Work task: Only these lines of the data below are wanted: the one with "PCB Holder Hands", the one with "Лицензия на осуществление", and any lines between them, each repeated exactly.

──────── Information

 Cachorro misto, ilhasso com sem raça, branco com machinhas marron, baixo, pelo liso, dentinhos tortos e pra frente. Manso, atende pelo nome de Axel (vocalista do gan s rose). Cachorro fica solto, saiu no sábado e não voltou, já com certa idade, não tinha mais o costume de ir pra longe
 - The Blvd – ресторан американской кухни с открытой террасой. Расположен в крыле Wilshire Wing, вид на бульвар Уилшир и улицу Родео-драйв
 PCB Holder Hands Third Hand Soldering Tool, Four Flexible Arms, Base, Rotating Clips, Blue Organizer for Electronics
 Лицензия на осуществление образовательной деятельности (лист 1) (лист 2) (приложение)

────────────────
──────── Information

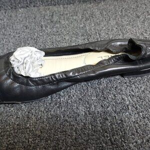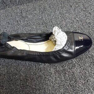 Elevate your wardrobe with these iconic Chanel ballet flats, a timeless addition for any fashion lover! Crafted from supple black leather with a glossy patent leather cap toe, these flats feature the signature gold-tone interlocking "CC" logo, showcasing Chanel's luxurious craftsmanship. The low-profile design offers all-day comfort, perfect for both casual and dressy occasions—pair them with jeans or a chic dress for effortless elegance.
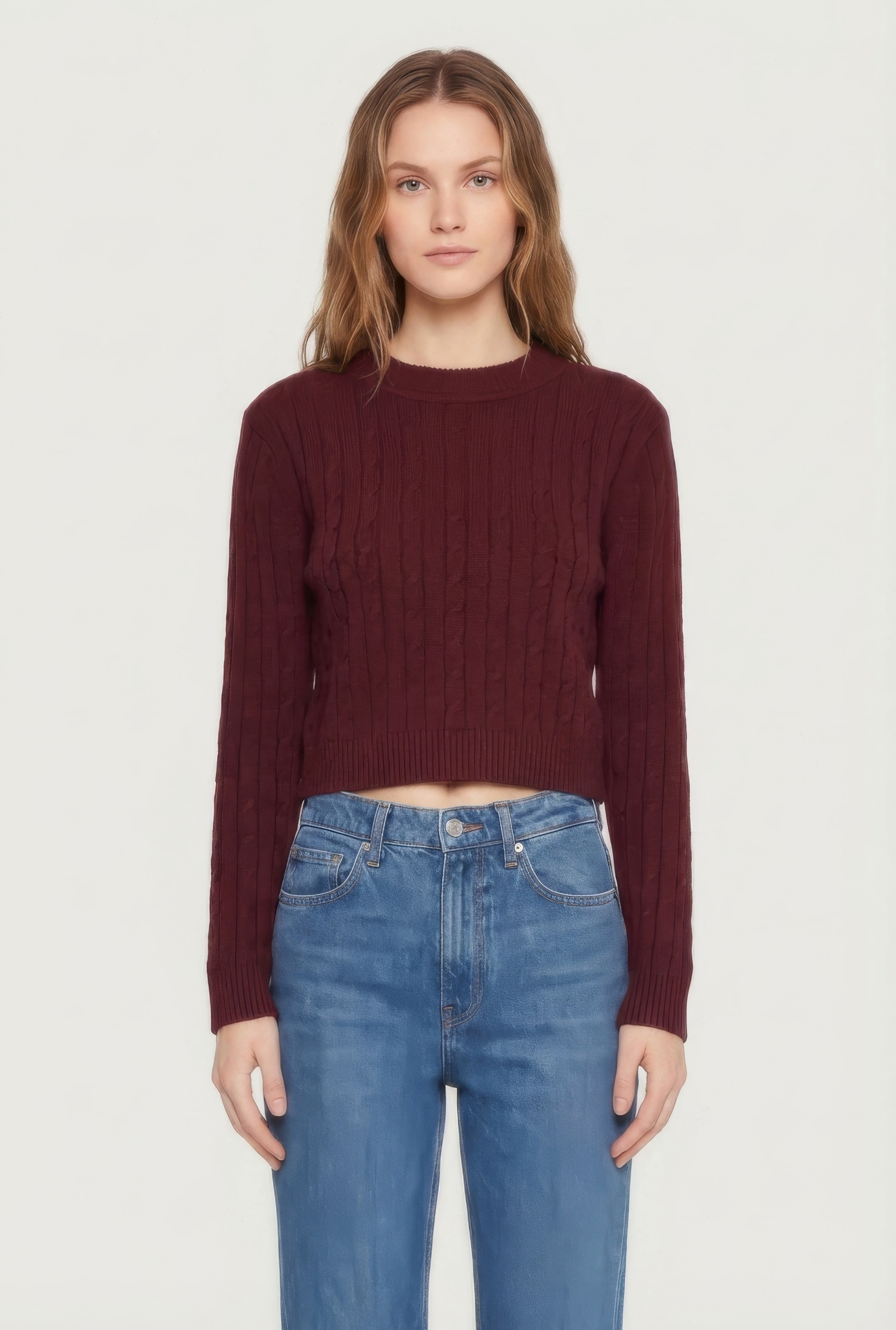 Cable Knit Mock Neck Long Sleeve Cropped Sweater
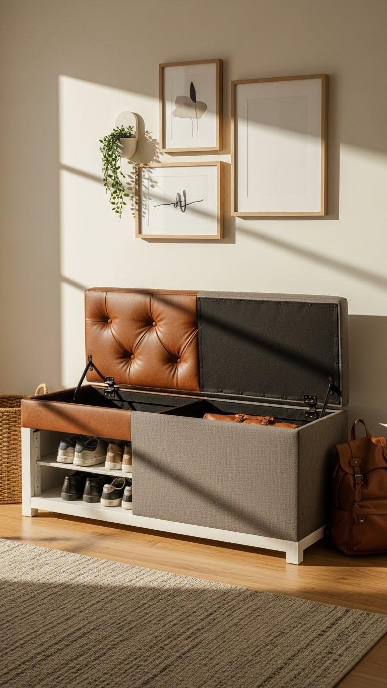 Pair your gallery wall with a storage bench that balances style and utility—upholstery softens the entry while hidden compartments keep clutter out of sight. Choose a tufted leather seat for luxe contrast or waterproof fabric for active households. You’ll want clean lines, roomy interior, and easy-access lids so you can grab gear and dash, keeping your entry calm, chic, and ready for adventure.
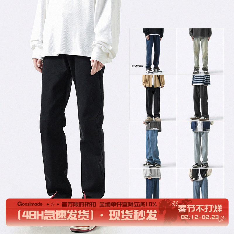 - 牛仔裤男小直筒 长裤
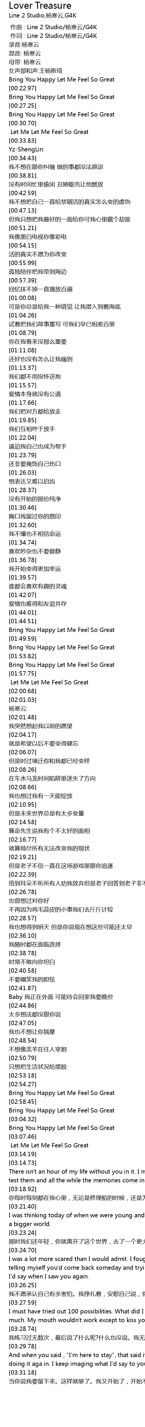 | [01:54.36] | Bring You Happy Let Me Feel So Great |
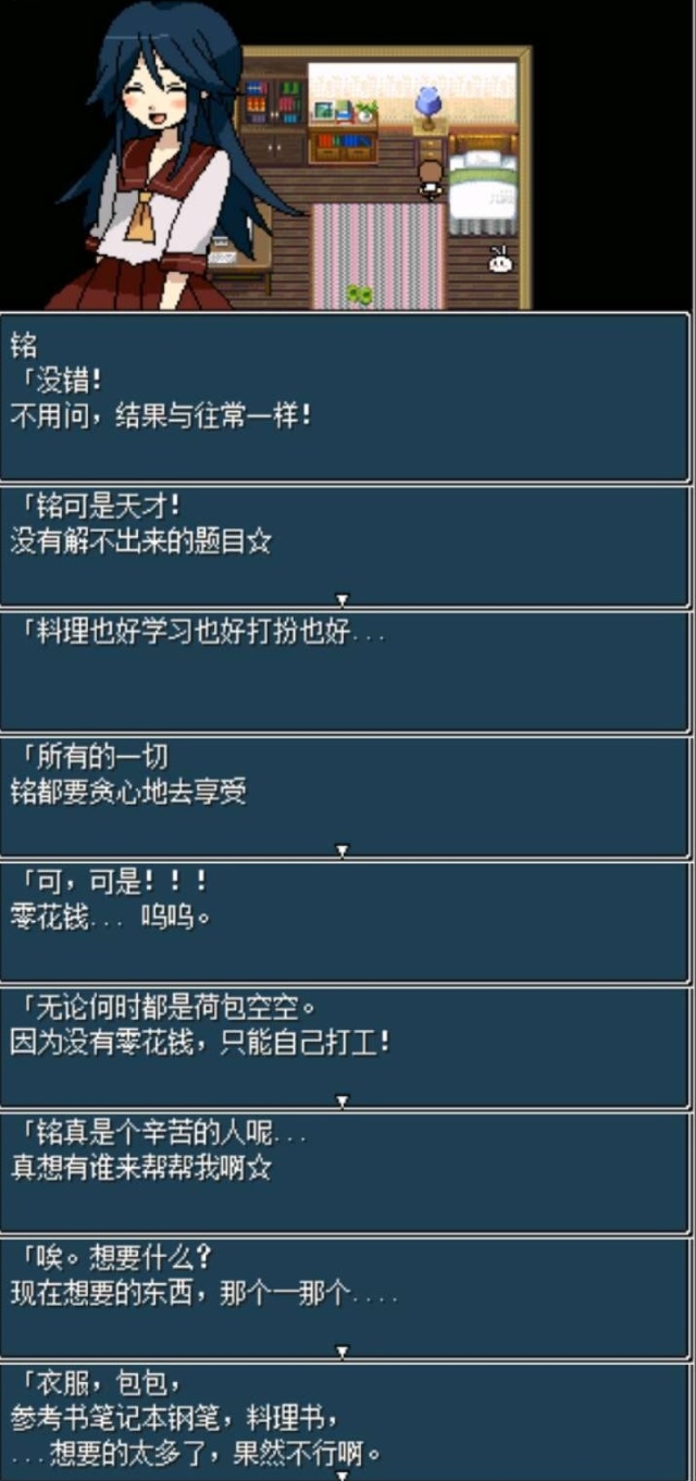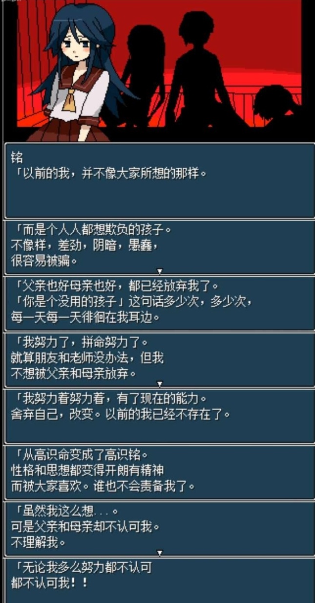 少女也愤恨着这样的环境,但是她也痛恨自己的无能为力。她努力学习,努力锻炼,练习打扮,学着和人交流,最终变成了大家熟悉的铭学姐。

────────────────
──────── Information

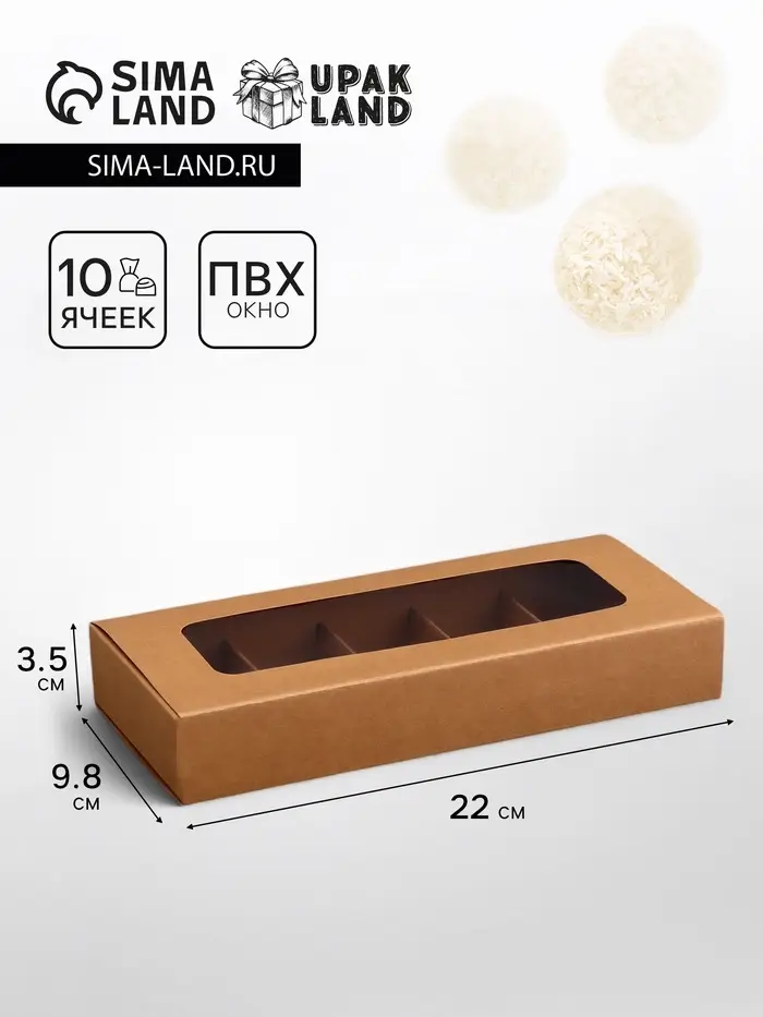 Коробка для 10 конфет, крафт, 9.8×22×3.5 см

────────────────

The completed task:
 PCB Holder Hands Third Hand Soldering Tool, Four Flexible Arms, Base, Rotating Clips, Blue Organizer for Electronics
 Лицензия на осуществление образовательной деятельности (лист 1) (лист 2) (приложение)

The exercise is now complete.